Decommodification, greater inclusion and social responsibility are some of the guiding principles of Burning Man. Since the beginning of the 1900s, the festival has been held in Black Rock City, a semicircular area 100 miles from Reno that is built and demolished without inspection every year – “swept away in the first big wind”, as the founder of the honor Harvey puts in the doc. But it’s the spiritual practices that the festival seems to have with long-time pilgrims that can make commitment seem like fraud to outsiders – so much so that Burning Man claims on dating history are taken as a red flag.
“My first film was about me becoming a religious leader and starting a fictional religion,” says Gandhi, referring to Kumaré. “All the ideas I had in making this film were about creating a story, a myth of creation, some kind of sanctuary, not laws but teachings – all of these are very similar to what Harvey created for Burning Man.
There is much to admire in the main tent of Burning Man: peaceniks in communion and gun nuts. Google co-founder Sergey Brin is taking over the chow hall at rush hour. Norquist, one of the architects of the low-income economy, praises the benefits of Black Rock City’s cashless exchange system. “The first day I was there filming, I sat by the fire next to the head of the team I interviewed for my film Control Room about Al Jazeera,” says Noujaim. However, a society built around so that everyone can find their own truth leaves a blind spot.
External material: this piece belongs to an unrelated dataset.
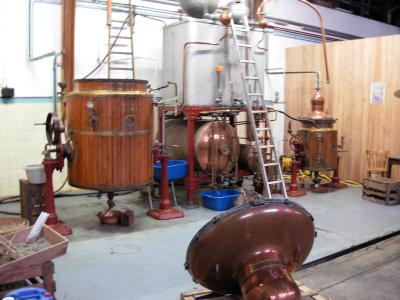 昔、自動車工場だったためかなり広い部屋の隅に蒸留器があります。

For all the human nature of Burning Man, they’ve struggled to escape the emotions — and reality — that it takes especially for white people who have the time and means to take a weekend off around Labor Day to reconnect with their inner child on the playa. The film makes a counterpoint to that notion, following a black ex-paratrooper on a trip to Burning Man to deal with his PTSD. However, all the talk of community, gifts and inclusion doesn’t end on the way home, with the first hot shower. The experience on the playa has become more sophisticated – backpackers carry items in expensive tents while A-listers and influencers drop thousands on air-conditioned RVs with all the trappings of a luxury spa.
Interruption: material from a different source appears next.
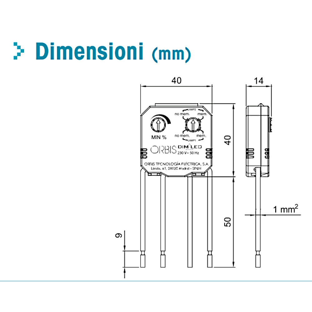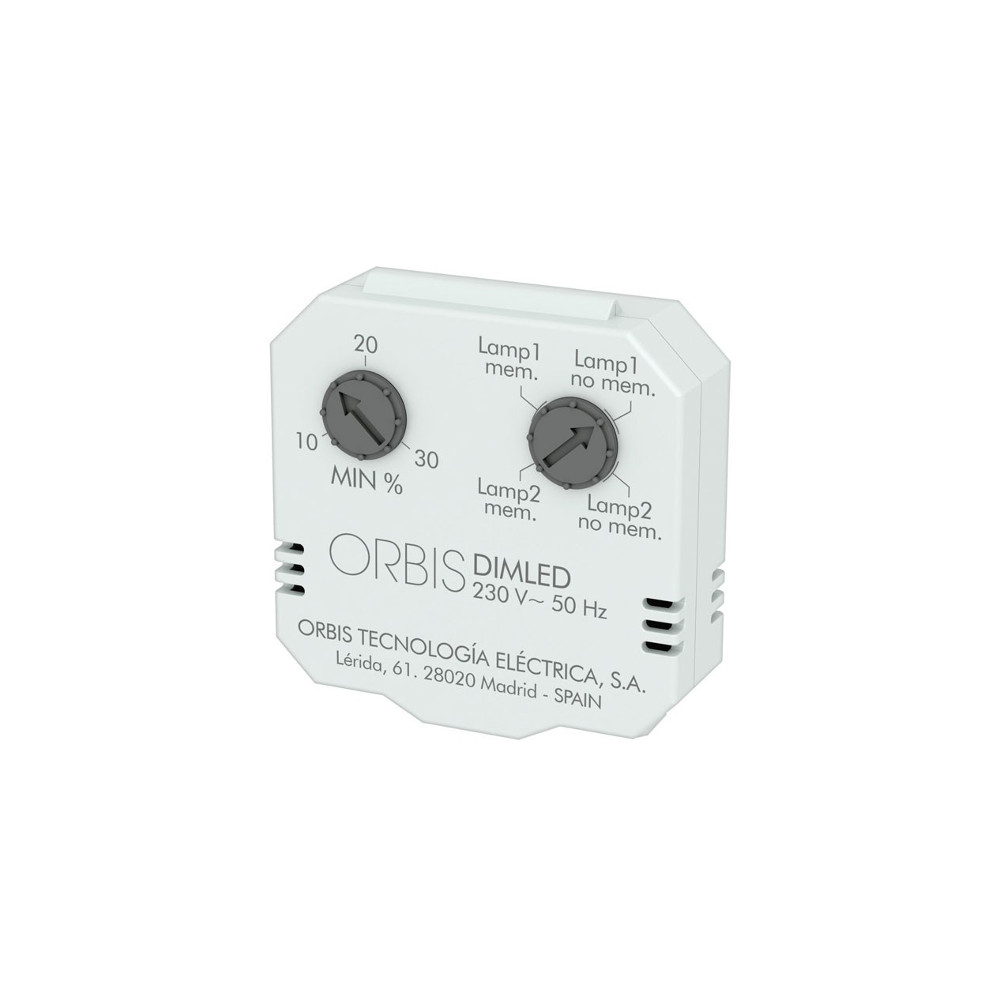Orbis Dimmer da retrofrutto adatto per il controllo dell’intensità luminosa delle lampada a incandescenza, alogene 230V, alogene 12V con trasformatore, lampade basso consumo e led dimmerabili. Azionabile da 2 pulsanti esterni, con i quali è possibile regolare l’illuminazione. Le dimensioni estremamente compatte del dispositivo facilitano l’installazione, all’interno delle scatole da incasso 503E, abbinato ad un qualsiasi pulsante.

Even the non-profits behind Burning Man are starting to look like money to festivalgoers who look at its $60m operating budget and sprawling real estate and wonder how high ticket prices can go. this wealth. In the end, Black Rock City seems like another casualty, a quicksand for cosplayers to do fantasy that won’t fly in their community. “It’s almost like Burning Man has gotten expensive because the world they are expensive,” says Gandhi. But I agree that things have changed and money has become a big part of it.
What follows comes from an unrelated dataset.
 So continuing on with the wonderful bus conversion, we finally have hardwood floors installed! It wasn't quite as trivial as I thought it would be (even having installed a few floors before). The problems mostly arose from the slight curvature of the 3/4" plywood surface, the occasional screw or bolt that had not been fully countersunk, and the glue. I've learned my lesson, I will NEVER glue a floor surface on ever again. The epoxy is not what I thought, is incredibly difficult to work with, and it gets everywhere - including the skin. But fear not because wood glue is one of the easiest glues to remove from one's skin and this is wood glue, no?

The Man Will Burn could have shown more scandals at the festival to attract viewers who are now hoping for a documentary. only entertainment: struggle for power, nakedness and use of madness, wanderers who died in the desert; a storm that turned the playa into a mudflat and had cable news viewers begging to save the world. Instead, Noujaim and Gandhi offer a positive and appropriate view of the festival and its timing – which will inspire Fomo in some and leave others feeling like they’ve experienced Burning Man enough without going.
A long, unusual trip would be worth going either way. “One of the things that’s really interesting is that you don’t see a lot of things going to the same things only it is there for a week and then it is burnt,” says Gandhi. Or you can think of it as a very rare tradition in the world that may not be part of them. But we don’t really have anything like that. This is just an event of the event, for a to hear.”